By Cory Schouten
Trump administration officials floated a plan earlier this month to open most of the U.S. coastline to oil exploration, a broadside that immediately drew jeers from coastal state officials and environmentalists.
But experts say those decrying the proposal probably need not fear: The laughably broad scope of the plan — and its stumbling rollout, including an on-again, off-again exemption for all of Florida — suggests a poorly considered proposal aimed more at grabbing headlines and ruffling political feathers than at enabling actual new drilling.
The development of shale mining in large part has stymied the appetite of oil companies for new offshore projects, and most of the coastline the Department of the Interior is offering up would be unlikely to generate much demand for leases, save for a few promising areas including parts of the Eastern Gulf of Mexico and off the coast of Alaska.
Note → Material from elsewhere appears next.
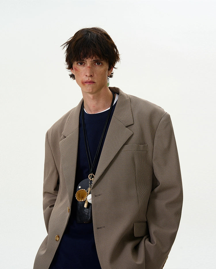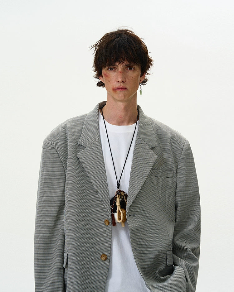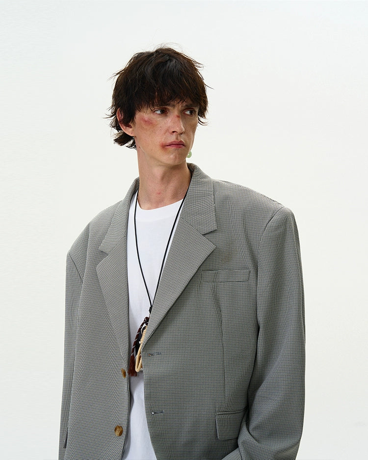 Its timeless checkered pattern and relaxed silhouette create a versatile statement piece that transitions seamlessly between workwear and casual outings. Crafted with precision, this blazer boasts a loose fit complemented by padded shoulders to accentuate its structured design.

A tailored, well-researched proposal (the Trump administration plan is neither) would have had a better shot of surviving a lengthy and tenuous government approval process, let alone a chance to overcome opposition from local leaders wary of offshore drilling, said Sam Ori, executive director of the University of Chicago Energy Policy Institute.
“You can start with your big campaign idea, but if your process for getting it implemented doesn’t adhere with the law and doesn’t adhere with the regulatory system we have in place, eventually it’s going to flame out, whether it happens at the agency itself or in the courts,” Ori told CBS MoneyWatch.